Iwai’s exhibition is “presented
as a garden. Its materials are mylar, ink, concrete, peonies and daffodils.” It
reflects her working process and the escape from a long winter she felt while
creating the work on her “dining room table which became [a] garden plot” as
seeds of inspiration took root. Her work is typically 3-dimensional and
installation-based but new drawings are also on display in Anemone. The forms in the drawings feel organic, as do the
paper sculptures. While working on the pieces for this exhibition, the word anemone came to Iwai’s mind. Looking up the meaning of the
word, she found that the Greek root anemos referred to wind and Anemone was the name of the daughter of the winds
in Greek mythology. “Along with the sea anemone, there are land anemones, or
‘wind flowers’, so named because it is believed that the wind causes them to
bloom. As I longed for spring, I began to see it in the work.”

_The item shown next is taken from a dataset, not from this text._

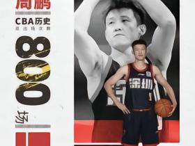里程碑!周鹏职业生涯出场次数达800场,位列CBA历史首位

Leslie Iwai works as in artist in Omaha, Nebraska. She is the
recipient of numerous awards and fellowships including an Individual Artist
Fellowship from the Nebraska Arts Council and a Community Arts Fellowship from
the Bemis Contemporary Arts Center in Omaha. She has been an art instructor at
the University of Nebraska-Omaha, the University of Nebraska-Lincoln, and the
Joslyn Art Museum as well as being part of several regional public art
commissions in recent years. In 2008, Iwai was a resident artist at Kimmel
Harding Nelson Center for the Arts.
The public
is invited to meet Leslie Iwai at a reception on Thursday, May 6, from 4:30 to
6:30 p.m. Anemone will
remain on exhibit through Thursday, June 17. Current Kimmel Harding Nelson
Center for the Arts resident artists will have their visual arts studios open
to visitors during the reception on Thursday, May 6, from 4:30 to 6:30 p.m.